Ok so having seen a couple of Wraithlord conversions to make them look like miniature Revenant Titans I've decided to take a crack at it, so here are some WIP shots




























So as you can see, I've cut the arms at the elbow and some some ball joint sockets to sit some eyes from the chaos spawn kit as the ball joint, I've then put the ammo box from the Wave Serpent weapons sprue on the back of the Bright Lances, used the small flamer weapons on the bottom for WYSIWYG purposes then cut the end of the brightlance and turned it 180, I'll be using the wings from the jetbike in place of the regular fins then using one of the regular fins in the middle, I've filed down the symbol from the back, shall be using the foot from the war walker to mount the fin on




























Here is the leg I've cut and repositioned to look more like the Revenant pose, rebuilt the joint with some GF9 grey stuff, and reused the original knee, I'll be using the War Walker feet as they look more like the Revenants, although I'm not exactly sure how to connect them just yet, I've seen people use the bottom of the War Walker leg but I'm not sold on that option, I prefer the look of the original Wraith Lord leg

Chris


----------



## Archaon18 (Feb 17, 2012)

Great work so far, I just can't wait for it to be complete


----------



## asianavatar (Aug 20, 2007)

Looks pretty awesome so far.
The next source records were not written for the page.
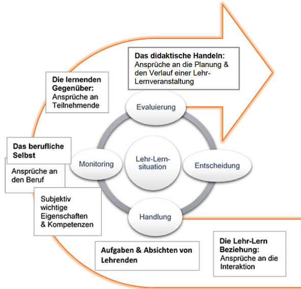
Abb. 2 Die Parameter als Teil des Toleranzkorridors (eigene Darstellung)

Weil dass es gut läuft, das ist für mich an und für sich die Regel oder ... zumindest meine Wahrnehmung sagt mir das, und dann bin ich froh und denke an und für sich weniger drüber nach oder ich denke nicht unbedingt dann drüber nach was hab ich da gut gemacht ... oder warum ist es gut gelaufen weil das ist an und für sich der Normalzustand ist (I6, Z. 21–26, S. 1 f.).
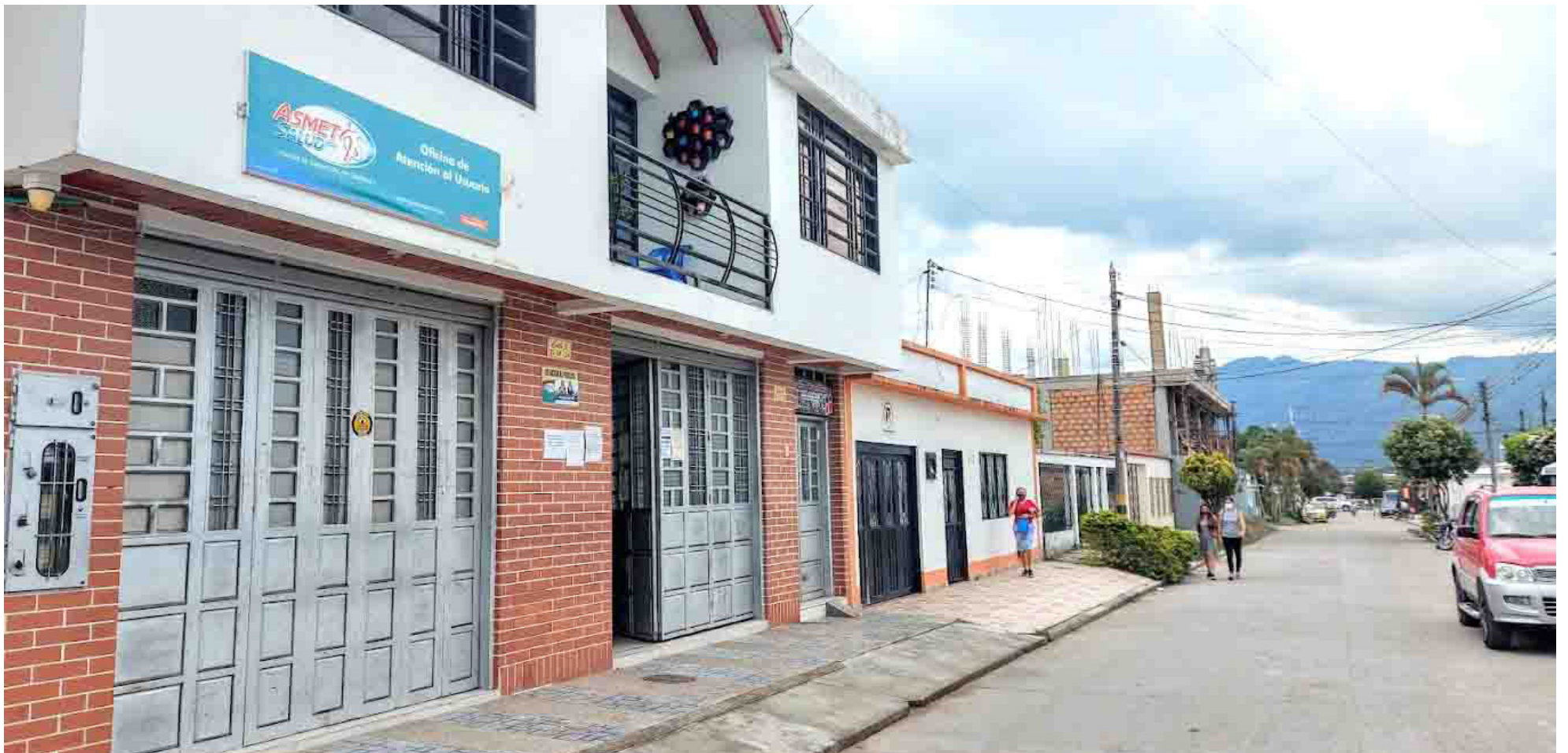
Al parecer la entidad de salud, no ha pagado la asistencia a Nefrouros.
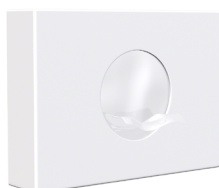
En inox 304 (18/10) Laqué Blanc : AX8414W

I would give them a little bit more of a fore arm and mount just the front of guns to that. If you look at the Forgeworld Eldar titans they either have the gun mounted straight onto the forearm or they have the full arm and hand with the titan holding an underslung gun. 

But keep up the great work and post more pics, definitely want to see one of these completed.


----------



## Digg40k (Sep 7, 2008)

Definitely keeping tabs on this. Good effort so far!


----------



## shaantitus (Aug 3, 2009)

Looking impressive so far. I look forward to more.


----------



## VaUgHaNy86 (Aug 4, 2009)

Thank you very much for the replies, bit of an update, I've got the legs and feet pretty much how I want them














































Basically I've cut the ball section from the leg of the Wraithlord where it mounts to the regular foot, and I've cut the heel section from the War Walker foot and filed it flat, then pinned it to the "articulated" section left on the leg, then filed the heel section down a little bit so the whole thing sits flatter


----------



## VaUgHaNy86 (Aug 4, 2009)

Ok update time, more or less finished now










Made some slight changes to the arms and the bent leg, as they didn't quite look how I wanted them to



















The back, as you can see I've put one of the original fins in the middle, mounted to a War Walker foot (thank you bitsand kits) used the left over power cell from the bright lance, then where the fins usually sit I've used fins from a junk jetbike I bought off Ebay 




























Bit of a look at the base


----------



## MidnightSun (Feb 10, 2009)

Very nice, and close to the Revenant aesthetically too. I'm thinking Epic Phantom Titans...

Midnight


----------